# anyone use targas for park?



## Guest (Mar 28, 2008)

squishydonut said:


> if so, are there any settings that you liked changing to get them more park friendly? i.e. setting up the ankle strap all the way forward etc.


Im planning on getting a set of targas and using it for both park and freeriding. how is the stiffness on them?:dunno:


----------



## Guest (Mar 28, 2008)

I have the 390's, which are basically the cheaper version of the Targas, but perform the basically same (A little less ankle padding and I believe the 390s have a bit more flex to them). I use the toe strap as a toe-cap, meaning in front of the toe to hold my heel back into the binding, as apposed to over the top of my foot. I'd actually recommend saving a few dollars and buying the 390's, they're very solid bindings.


----------



## Guest (Mar 28, 2008)

Username said:


> I have the 390's, which are basically the cheaper version of the Targas, but perform the basically same (A little less ankle padding and I believe the 390s have a bit more flex to them). I use the toe strap as a toe-cap, meaning in front of the toe to hold my heel back into the binding, as apposed to over the top of my foot. I'd actually recommend saving a few dollars and buying the 390's, they're very solid bindings.

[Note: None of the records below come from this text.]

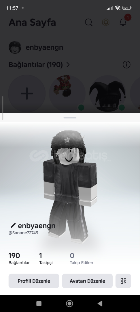 Hesap Kullanıcı Adı:Sanane72749Epostanız alınıp üstünüze yapılacaktır numara doğrulaması yoktur. Toplam 985 robux yaptırılmıştır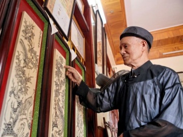 Đến thăm nghệ nhân Nguyễn Hữu Sam, năm nay hơn 80 tuổi, ngôi nhà của ông đã trở thành nơi trưng bày hàng ngàn bức tranh Đông Hồ cùng những bản khắc hàng trăm năm tuổi. Ngoài ra, để du khách tìm hiểu về các công đoạn làm tranh, ông Sam còn cho xây dựng một không gian miêu tả cách làm tranh Đông Hồ, từ làm màu, phơi giấy, in tranh… Ông Nguyễn Hữu Sam cho biết: “Tranh Đông Hồ ngày xưa được cha ông chơi trong dịp Tết vì nhà cửa đón Xuân sẽ đẹp và có không khí đón Tết hơn nếu có tranh Đông Hồ. Người xưa có câu: Bánh chưng xanh, thịt mỡ dưa hành câu đối đỏ và nếu ngày Tết thiếu đi bức tranh làng Hồ thì ngôi nhà cũng trống trải”.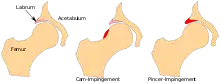 The acetabular labrum is a fibrocartilagenous structure similar in composition to the meniscus. It is a ring of tissue that surrounds the acetabulum of the pelvis, and allows the head of the femur to articulate smoothly and efficiently with the acetabulum. The labrum plays an important role in maintaining the biomechanical stability of the hip joint. Studies[6] have shown that damage to the labral tissue can result in disruption of the labral suction-seal, a fluid force paramount in maintaining hip joint integrity. An intact labrum also helps to buttress the hip joint to distraction forces.[7] The labrum, when damaged, is also a pain generator, due to a large concentration of type II pain-associated free nerve endings found throughout the tissue, most pronounced at the labral base.[8]
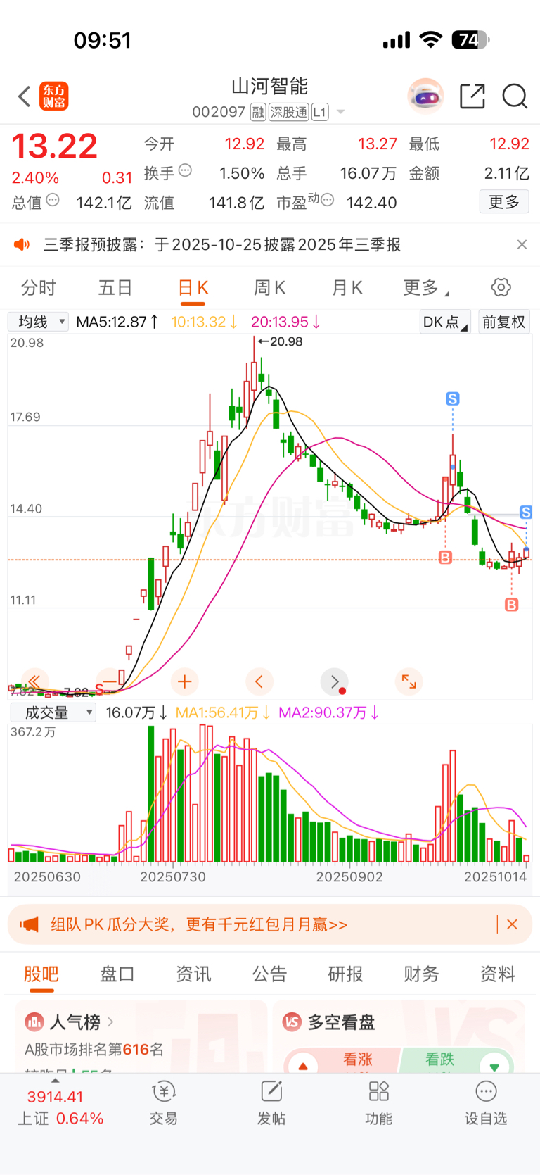 $山河智能(SZ002097)$ 我进去了,我又出来了,诶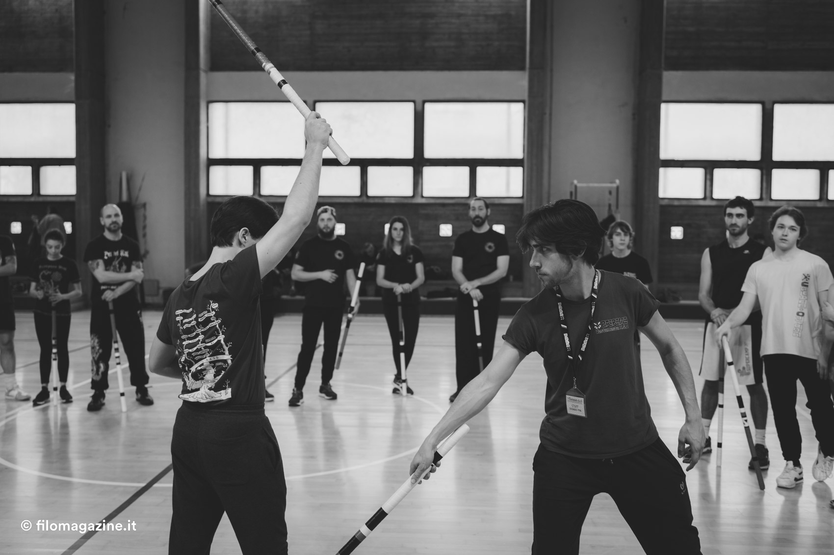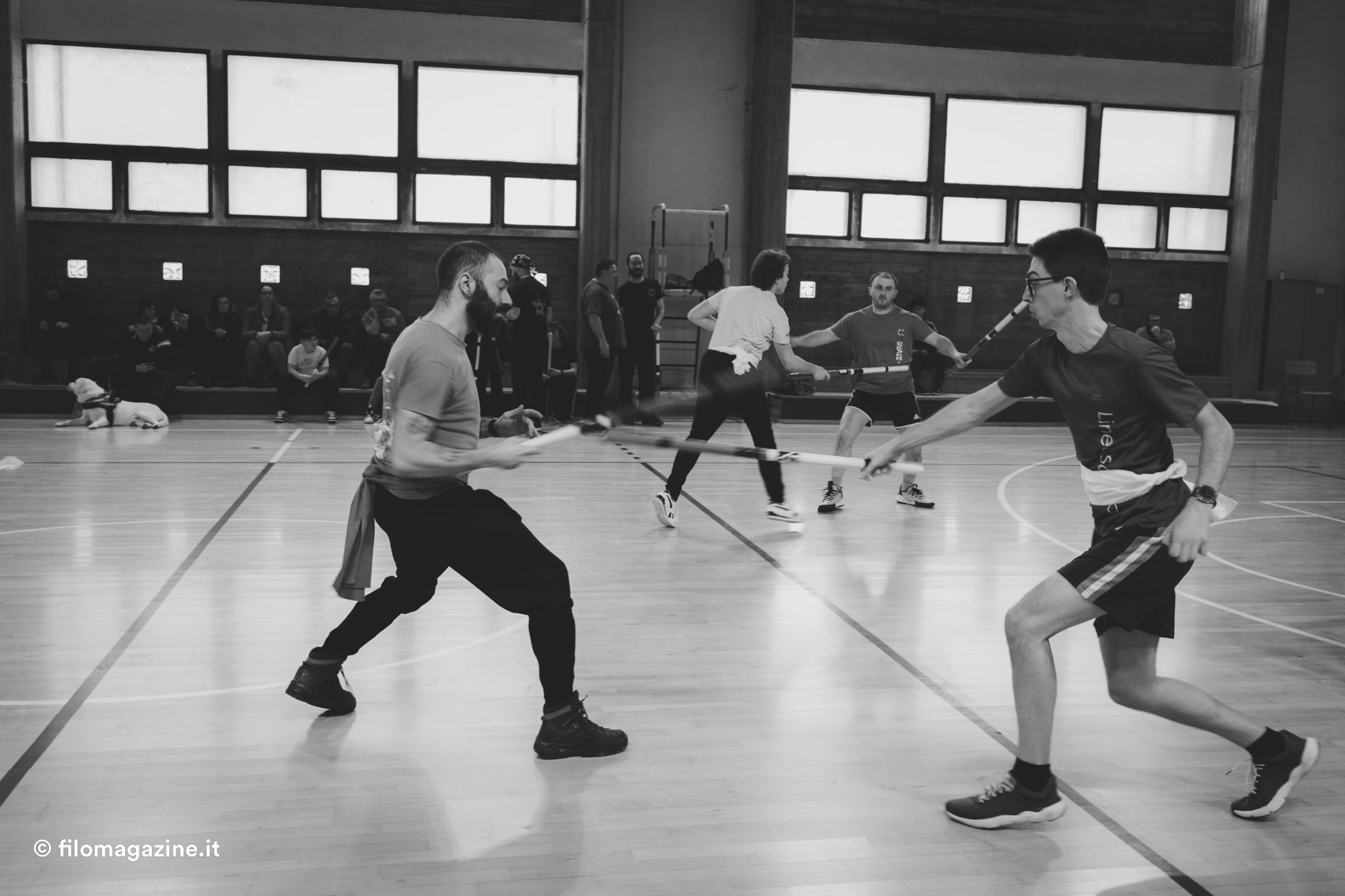 Il Bacrama è insegnato al momento in un unico corso a Ferrara, ma ciò non vuol dire che sia l’unica città in cui si pratica. Partendo dal presupposto che tante scuole di scherma lo praticano in quanto ritenuto propedeutico alla scherma, alla Coppa erano presenti tante realtà da tutta Italia. Bologna, Firenze, Modena. E poi le scuole e gli schermidori de i Béc del Ruc (Brescia), le Lame del Conte (Padova) e i Tertium Modo (Conegliano). Edoardo, uno dei soci di Ferrara, racconta: “l’associazione ha avuto modo finora di tenere il corso solo a Ferrara, ma avendo ragazzi attivi puntiamo ad espanderci anche in altre città e altre regioni. Non è immediato perché c’è da rispettare l’albero, il principio dei maestri, la lunga trafila di studio teorico e pratico per poter diventare maestri e poter praticare e aprire le proprie palestre, ma c’è grande risposta”. Proprio questo legame con la scherma ha regalato a Bacrama e alla sua associazione un riconoscimento di grande valore, come ci dicono Mattia e Edoardo “siamo presenti nell’Agorà della scherma, il museo interamente dedicato di Busto Arsizio, come ultima innovazione della scherma”. La Coppa d’Inverno 2024 è stato un successo con più di venti partecipanti, iscrizioni e una giornata intera all’insegna del sano combattimento, senza violenza, come recita il regolamento. L’associazione Uastamasta è ripartita e i bacchi sono tornati a roteare in un ambiente in cui, da profano, si respirano il rispetto e la condivisione di una passione comune.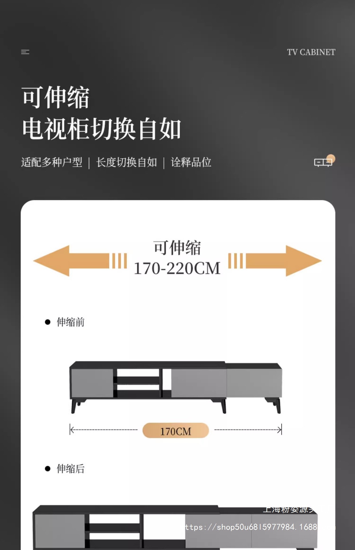 • [180cm TV장 + 사이드 캐비닛] 블랙 + 스카이 그레이

i also have the 390s and LOVE them. however, i think they vary a bit more from the targas than just in price/features. you're right about the 390s having more flex. the targas have a stiffer highback, and overall less lateral flex. it's enough to make them two different bindings, not just one fancier version of the other. i'd like to hear more people's opinions about targas in the park. also, i'm not sure what you mean about the 390s having less padding in the ankle strap. the 390s have the conformist gel padding, where the targas have a more traditional strap.


----------



## indoblazin (Feb 28, 2008)

i have '08 targas and they are def a stiff binding. they are probably too stiff for the park, although if you're good enough it won't make much difference. then again if you're good enough you probably want a dedicated flexy park binding anyways. i'd recommend going with the 390 over the targa if you're gonna freeride/style...i kinda wish in hindsight i got the 390s. although man, the targas are a powerful binding. i can actually feel myself accelerating through turns now


----------



## Guest (Mar 31, 2008)

Ok i will get the 390s whooooo!:cheeky4:


----------